Building a recipe search with Elasticsearch

Learn how to build recipe search based on semantic search with Elasticsearch.

Introduction

Many e-commerce websites are interested in enhancing their recipe search experiences. Semantic search, when applied correctly, allows customers to quickly find the necessary ingredients based on more natural queries, such as "something for Valentine's Day" or "Thanksgiving meals."

In this article, we will demonstrate how to use Elasticsearch to implement a semantic search that supports such queries. We will configure an index to store the catalog of ingredients and products from a supermarket and demonstrate how this index can be used to improve recipe searches. Throughout the article, we will explain how to create this data structure and apply natural language processing techniques to provide relevant results aligned with the customer's intent.

All the code presented in this article was developed in Python and is available on GitHub. You can access the repository to review the source code, make adjustments as needed, and implement the solutions directly in your development environment.

To begin implementing semantic search, we first need to define the natural language model. Elastic provides its own model, ELSER, but also offers support for integrating NLP models from various providers, such as Hugging Face. This flexibility allows you to choose the option that best suits your needs.

In this article, we will be using ELSER, which reduces the complexity of deploying and managing NLP models. Additionally, Elastic offers the semantic_text feature, which greatly simplifies the process. With semantic_text, the entire embedding generation process becomes straightforward and automated. You simply need to define an inference point and specify the field that will receive the embeddings in your index mapping. During document indexing, embeddings will be generated and automatically associated with the specified field.

Setup steps

Below are the steps to create an index with semantic search support. By following these instructions, you will have an index configured and ready for semantic searches:

  1. Create the inference point.
  2. Create the index, setting the description field as semantic_text so that it can receive the embeddings.
  3. Index the data into the grocery-catalog index, which will store a product catalog. This catalog was obtained from a dataset available here.

Application of semantic search in grocery stores

Now that we have the index populated with grocery store product data, we are testing and validating queries to improve search results using semantic search. Our goal is to provide a smarter search experience that understands the context and user intent, delivering more relevant and accurate results.

Based on the product catalog, let's explore how semantic search can transform the search experience in grocery stores by addressing vocabulary and context issues that traditional lexical search often struggles with.
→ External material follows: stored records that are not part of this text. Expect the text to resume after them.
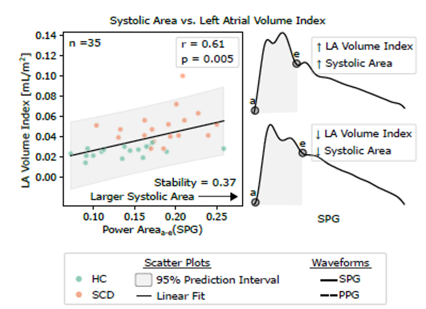 Our group's role is to assess the sensitivity of various optical devices to hemodynamic changes induced by SCD treatments and to evaluate whether the changes correlate with what is observed from blood chemistry. We have two manuscripts currently under preparation, which will be submitted sometime in 2026: one covers our monitoring of patients with SCD undergoing mitapivat; the second paper covers the results of our baseline study comparing the hemodynamic metrics of SCD patients with healthy volunteers. Additionally, we analyzed pulsatile waveforms from speckle plethysmography (SPG) to find associations between waveform morphological parameters and markers of cardiac health. These results are shown in Figures 1 and 2.
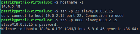 5. Testasin vielä toimivuutta ja porttimuutosta 6. Yritin ensimmäiseksi sisään komennolla --> ssh -p 22 slave@10.0.2.15 = connection refused 7. Sisään pääsin vaihtamalla portin 8888:iin
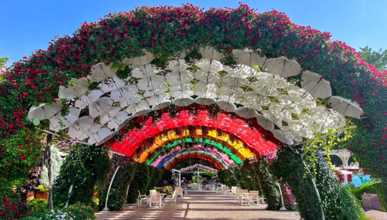 of Dubai Miracle Garden’s most colorful and playful attractions. A canopy of
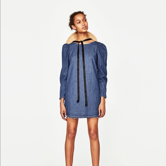 zara puff sleeve denim dress
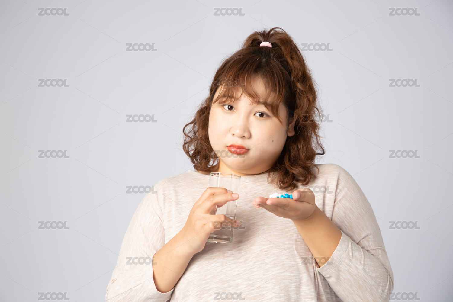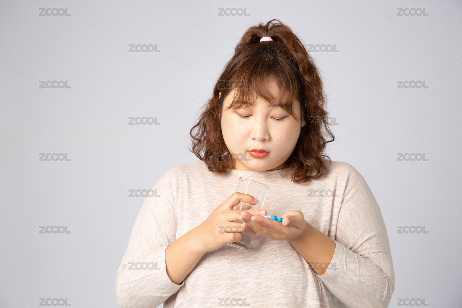 正在吃藥的亞洲肥胖女孩
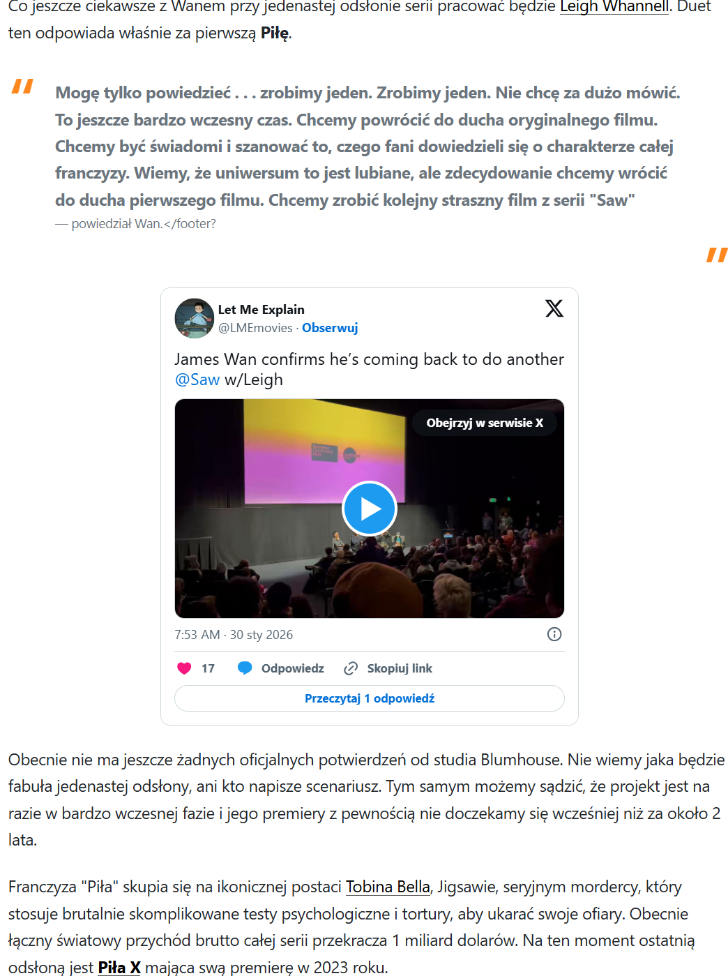 I... jestem za Problem w tym, czy istniałoby coś, co ma motywować scenarzystów i Wana do sięgnięcia jakichś zakamarków wyobraźni horrorkowej, aby (moim zdaniem) prawie że zużyte materiałowo i tematycznie Uniwersum Saw dalej i dalej rozwijać. Tak, ,,Piła XI", czy jakkolwiek 11-sty projekt z serii będzie się nazywał ma szansę na sukces, ale jaka fabuła ma to gwarantować? Może rozszerzanie Uniwersum od strony wczesnych Prequeli?

1. Interpretation of culinary intentions

Problem 01: A customer might search for "seafood for grilling" but a lexical search system may not fully understand the intent behind the query. It could fail to identify all the seafood products suitable for grilling, returning only those with the exact term "seafood" or "grill" in the product title.

First, we will perform a lexical search and analyze the results. Then, we will do the same with a semantic search, comparing the results for the same search term.

Query lexical search

 response = client.search(
        index="grocery-catalog",
        size=5,
        source_excludes="description_embedding",
        query={
            "multi_match": {
                "query": "seafood for grilling",
                "fields": [
                    "name",
                    "description"]
            }
        }
    )

Results:

Search TypeNameScore
LexicalNorthwest Fish Alaskan Bairdi Snow Crab10.453125
LexicalMr. Yoshida's, Sauce Original Gourmet7.2289705
LexicalPremium Seafood Variety Pack - 20 pcs7.1924105
LexicalAmerican Red Snapper - Whole, Head-On, Cleaned6.998647
LexicalLobster Claws & Arms, Sustainable Wild Caught6.438654

Lexical search returned some seafood items suitable for grilling, such as American Red Snapper and Northwest Fish Alaskan Bairdi Snow Crab. However, lexical search returned less relevant products at the top of the list, such as Mr. Yoshida sauce, which is not a seafood item but a meat sauce, suggesting that the lexical algorithm struggled to fully understand the context of "for grilling."

Semantic search solution

We use a query that combines the term "seafood" with preparation contexts like "grilling" to return a comprehensive list of options, such as fish fillets, shrimp, and scallops, which are ideal for grilling—even if the words "grill" or "seafood" don't appear directly in the product name. This ensures the search results align more closely with the customer’s intent.

Query semantic search:

es_client.search(
   index="grocery-catalog-elser",
   size=size,
   source_excludes="description_embedding",
   query={
       "semantic": {
           "field": "description_embedding",
           "query": "seafood for grilling"

       }
   })
Search TypeNameScore
SemanticWhole Head On, Cleaned Branzino Fish16.175909
SemanticAlaska Black Cod (Sable Fish)15.855331
SemanticAmerican Red Snapper - Whole, Head-On15.454779
SemanticNorthwest Fish Alaskan Bairdi Snow Crab15.855331
SemanticAmerican Red Snapper - Whole, Head-On15.3892355

Semantic search not only returned products directly related to the term "seafood," but also understood the context of "grilling," bringing up whole fish and fillets suitable for grilling. The key here is the precision of the results, which included whole fish options like Branzino and Alaska Black Cod, both commonly used for grilling.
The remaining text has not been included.